**Your task:** From the line containing "Lab safir 925" down to the last line of the entries, print each line exactly and leave the pictures out.

(Data records)
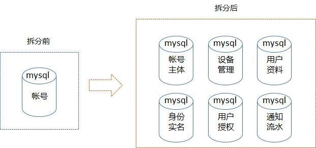 拆分后的帐号主体库,是最核心业务库。库里围绕帐号四要素(用户名、密码、邮箱、手机号)组织数据,这样帐号的核心流程登录、注册的数据依赖就不再受其他数据的干扰。这种拆分方式属于垂直拆分,将表根据一定的规则划入不同的库。
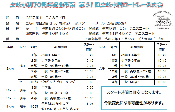 - 種目:2キロ、3.6キロ、5.3キロ、親子1キロなど
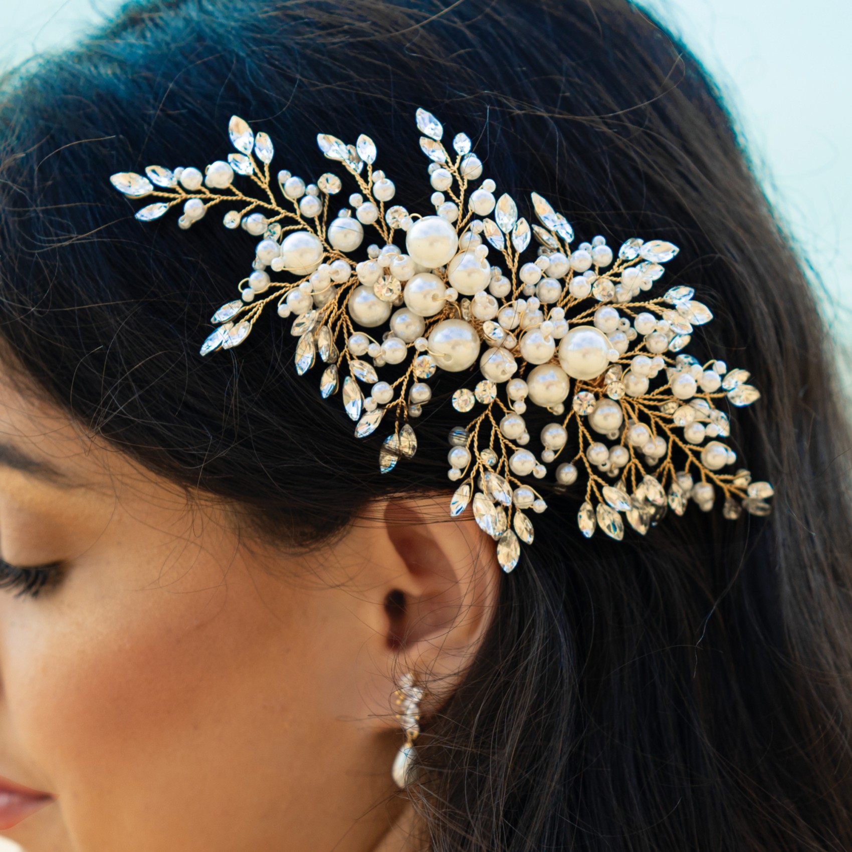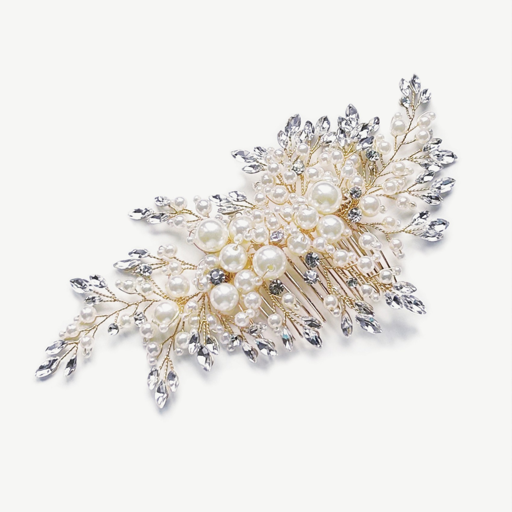 Un magnifique peigne à cheveux de mariage éblouissant en forme de grappe. Des cristaux marquises taillés entourent des perles artificielles ivoires pour créer une pièce au style moderne et frais. Ce peigne en or est magnifique sur l'arrière de la tête ou sur le côté d'une coiffure. Il est parfait pour les mariées qui recherchent un accessoire sophistiqué avec un peu de glamour.
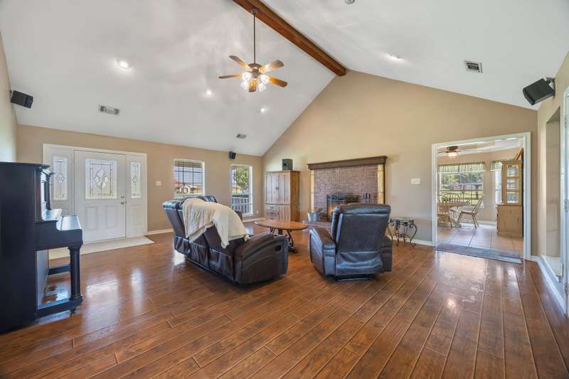 SELLER IS OFFERING A $5K BUYER CONCESSION, NEW SURVEY AND HOME WARRANTY WITH ACCEPTABLE OFFER. Looking for space and want to be close to all of your amenities? This single story, one-owner homehas been well maintained and is perfectly placed on a manicured 2.37 acre lot with a 24 x 24 shop and stocked pond with a dock. Enjoy the peaceful setting from your front porch or covered back deck while taking in the views of the pond and wide open spaces. Inside you will find an updated island kitchen with granite countertops, and newly painted cabinetry. The vaulted wood beam ceiling family room is spacious with a wood burning brick fireplace. The back patio is enclosed and offers multiple use. Primary suite with pampered bathroom features a jacuzzi tub, separate shower, double sinks and 2 walk-in closets. The laundry room has room for a freezer or second refrigerator and has a shower perfect for cleaning up after spending a day working outdoors. Spacious secondary bedrooms, full bathroom and powder bath complete this wonderful family home. Roof replaced 2020, HVAC replaced 2024. Other recent updates include: Two 40 gallon water heaters, hard surface floors in family room and bedrooms, some fresh paint inside and out. NO MUD, PID OR HOA. Close to shopping, dining, entertainment, Lake Ray Hubbard (Rockwall), Lake Tawakoni (Quinlan) and Lavon Lake (Lavon)
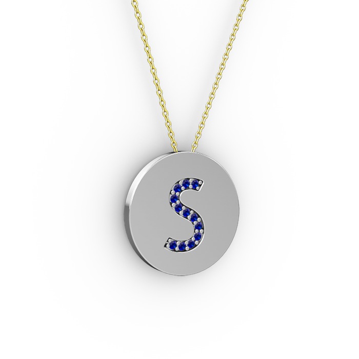 Lab safir 925 ayar gümüş kolye (40 cm altın rolo zincir)
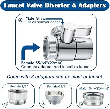 التشغيل: افتح المياه، واستخدم المفتاح الصغير الموجود على المحول للتحويل بين تدفق الماء من "الصنبور لأسفل" أو "الدش للخارج".

**Written solution:**
 Lab safir 925 ayar gümüş kolye (40 cm altın rolo zincir)
 التشغيل: افتح المياه، واستخدم المفتاح الصغير الموجود على المحول للتحويل بين تدفق الماء من "الصنبور لأسفل" أو "الدش للخارج".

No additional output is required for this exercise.